Bilan De La Paz

Personal information
- Full name: Bilan Cristóbal De La Paz Castillo
- Date of birth: 16 November 1995 (age 30)
- Place of birth: Maipú, Santiago, Chile
- Position(s): Defender Winger

Team information
- Current team: Ferro Carril Oeste
- Number: 14

Youth career
- CE Carolina Llona
- 2012: Palestino

College career
- Years: Team / Apps / (Gls)
- 2016–2018: Universidad Central

Senior career*
- Years: Team / Apps / (Gls)
- 2013–2015: Palestino
- 2016: Cobresal
- 2017: Colo-Colo [es]
- 2017: Everton
- 2018: Universidad de Chile
- 2019–2022: Newell's Old Boys
- 2023–: Ferro Carril Oeste

International career
- 2013–2015: Chile U20
- 2015–: Chile

= Bilan De La Paz =

Chilean futsal player

Bilan Cristóbal De La Paz Castillo (born 16 November 1995) is a Chilean futsal player who plays as a defender or winger for Ferro Carril Oeste in the Argentine Primera División and the Chile national team.

==Career==
Born in Maipú commune, Santiago de Chile, De La Paz stood out as a futsal player at primary school level. In 2012, he joined the Palestino futsal team, winning the league title in 2013 and represented them in the Copa Libertadores. Subsequently, he played for the futsal teams of Cobresal, Colo-Colo and Everton.
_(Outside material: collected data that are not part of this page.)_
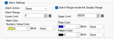 If [Alarm Action] is [Direct], specify whether the source range of the lower limit and the upper limit is within the [Display Range] in the [Basic] tab. Once selected, you can specify only within the Display Range. Also, enter the lower and upper limit values.
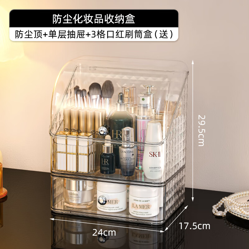 KAMAN化妆品收纳盒桌面防尘高级抽屉储物盒梳妆台护肤品口红面膜置物架 单层【防尘顶】1个
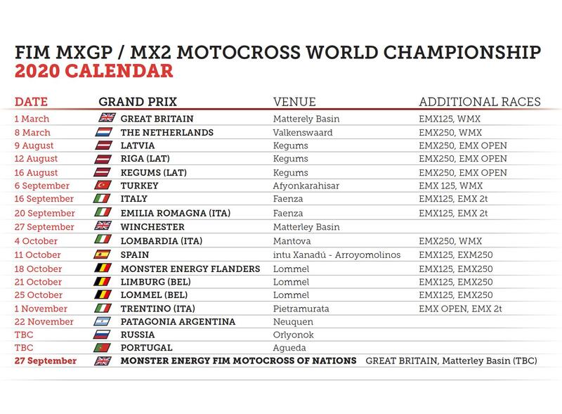Anche il format delle gare subirà variazioni: MXGP ed MX2 correranno tutta la gara in una sola giornata, la domenica. Libere e qualifiche si disputeranno la mattina, le gare al pomeriggio. In questo modo i piloti avranno pause più lunghe fra una gara e l'altra. Il sabato, stesso schema per Europeo e femminile.
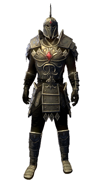 When the people of Akariue left behind their old life, so too did they shed their scales of gold. In this land ruled by the Lord of Iron, they hardened themselves for the life to come. As the one who showed them the path, a set of armor was commissioned by Kaisha-Chah for Revikus.The armor was made to resemble that of a raging storm; the black sky pierced by bolts of purple lightning and dark clouds. Though primarily of Tsaesci armor construction, elements of Colovian iconography exist. Its buckle is punctuated by a black diamond encased in iron.
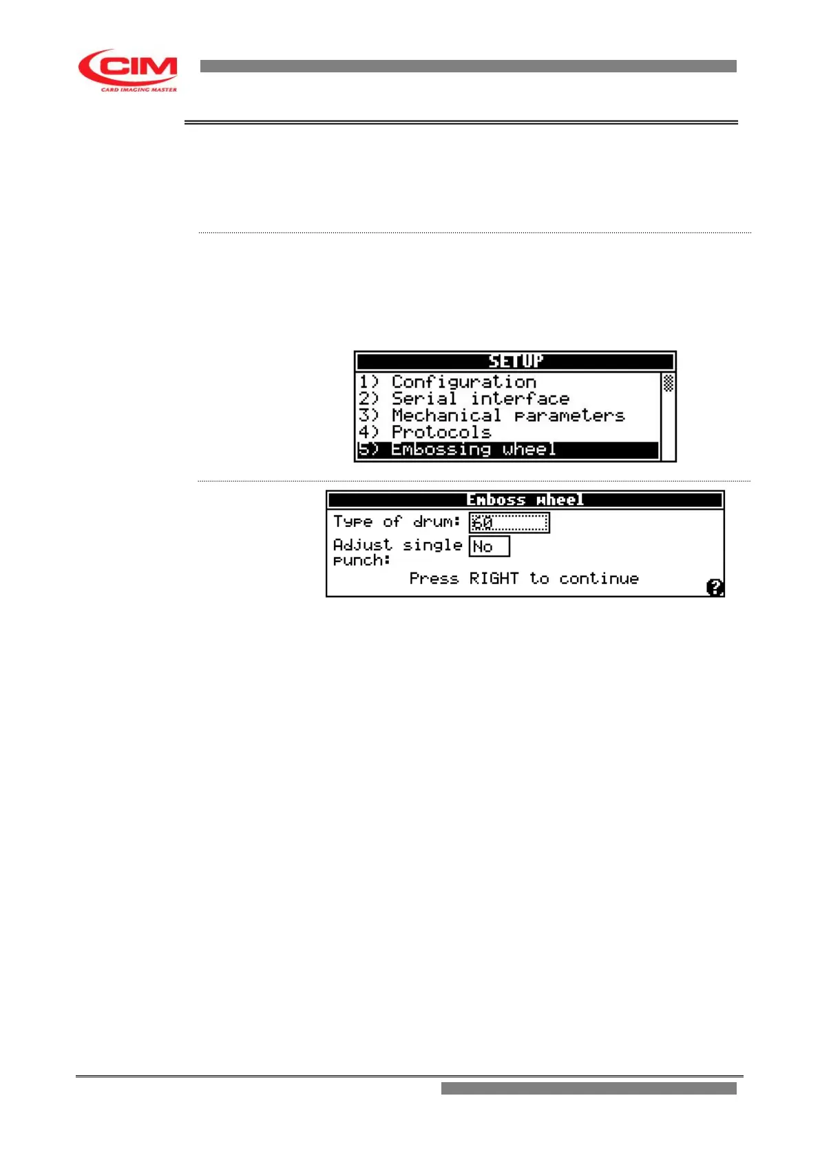 From the “SETUP” menu you can access the Embossing Wheel function by
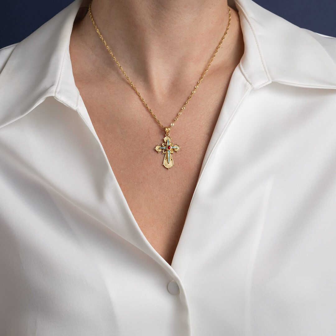 Byzantine Cross is embellished with a fine filigree and double enamel
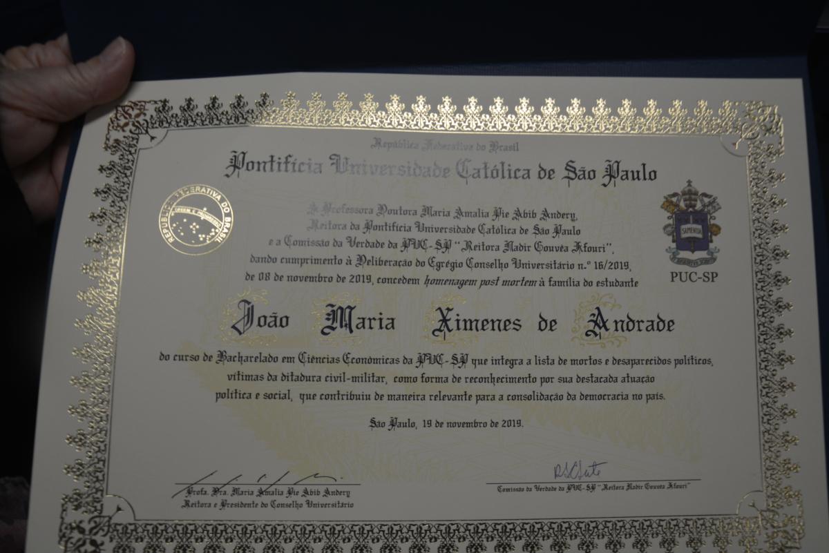 A Comissão da Verdade Reitora Nadir Gouvêa Kfouri e a PUC-SP realizaram na terça-feira (19/11) a diplomação simbólica de João Maria Ximenes de Andrade, estudante da Universidade desaparecido durante a ditadura militar, em 1974.

At university level, he represented the Universidad Central futsal team, becoming the captain. In 2018, they won the Ligas de Educación Superior (LDES) (college futsal leagues of Chile) after defeating University of Chile.

Also in 2018, he joined the Universidad de Chile futsal team and won both the 2018 Torneo Apertura and the Copa de Campeones against Deportes Melipilla, then the Torneo Clausura champions, qualifying to the 2019 Copa Libertadores.
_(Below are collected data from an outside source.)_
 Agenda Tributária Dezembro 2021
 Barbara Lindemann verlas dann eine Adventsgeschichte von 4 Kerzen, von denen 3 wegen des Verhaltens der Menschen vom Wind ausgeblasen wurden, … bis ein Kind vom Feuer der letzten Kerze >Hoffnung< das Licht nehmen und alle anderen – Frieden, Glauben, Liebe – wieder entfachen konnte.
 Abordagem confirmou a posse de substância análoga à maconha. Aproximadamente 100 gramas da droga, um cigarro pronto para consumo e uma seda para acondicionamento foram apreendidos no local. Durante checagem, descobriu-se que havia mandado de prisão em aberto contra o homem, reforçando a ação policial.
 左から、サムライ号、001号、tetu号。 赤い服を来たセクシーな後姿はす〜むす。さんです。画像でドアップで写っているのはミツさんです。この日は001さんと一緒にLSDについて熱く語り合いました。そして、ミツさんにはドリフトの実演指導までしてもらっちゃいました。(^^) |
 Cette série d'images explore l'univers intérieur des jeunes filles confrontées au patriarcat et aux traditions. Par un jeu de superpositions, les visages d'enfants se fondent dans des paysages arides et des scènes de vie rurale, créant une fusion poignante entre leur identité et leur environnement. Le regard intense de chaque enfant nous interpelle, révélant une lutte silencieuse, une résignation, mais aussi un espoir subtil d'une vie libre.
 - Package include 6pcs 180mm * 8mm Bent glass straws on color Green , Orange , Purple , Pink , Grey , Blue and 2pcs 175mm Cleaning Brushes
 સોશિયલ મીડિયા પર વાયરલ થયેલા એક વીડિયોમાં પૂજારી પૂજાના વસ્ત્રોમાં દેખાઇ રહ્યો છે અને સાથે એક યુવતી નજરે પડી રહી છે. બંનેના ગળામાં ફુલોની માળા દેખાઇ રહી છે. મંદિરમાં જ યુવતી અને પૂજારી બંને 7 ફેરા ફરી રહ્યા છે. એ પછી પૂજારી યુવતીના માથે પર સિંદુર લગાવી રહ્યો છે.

In 2019, he moved to Argentine and joined Newell's Old Boys, coinciding with his compatriots Bernardo Araya and Renato Martínez-Conde. In the same year, they got the promotion to the Primera B. Subsequently, they got promotion to the Primera División in the 2020 season. In 2021, they lost the Supercopa against San Lorenzo.

In 2023, he switched to Primera División side Ferro Carril Oeste. He renewed with them in 2024.

==International career==
Since 2013, De La Paz has been a member of the Chile national team, first with the under-20's. At senior level, he has taken part in many tournaments such as the 2015 Copa América, the 2016 FIFA World Cup qualifiers, a tour in Argentina, the 2023 CONMEBOL Evolution League, among others.

He was included in the squad for the 2024 Copa América.

==Personal life==
De La Paz graduated as a PE teacher at the Universidad Central de Chile.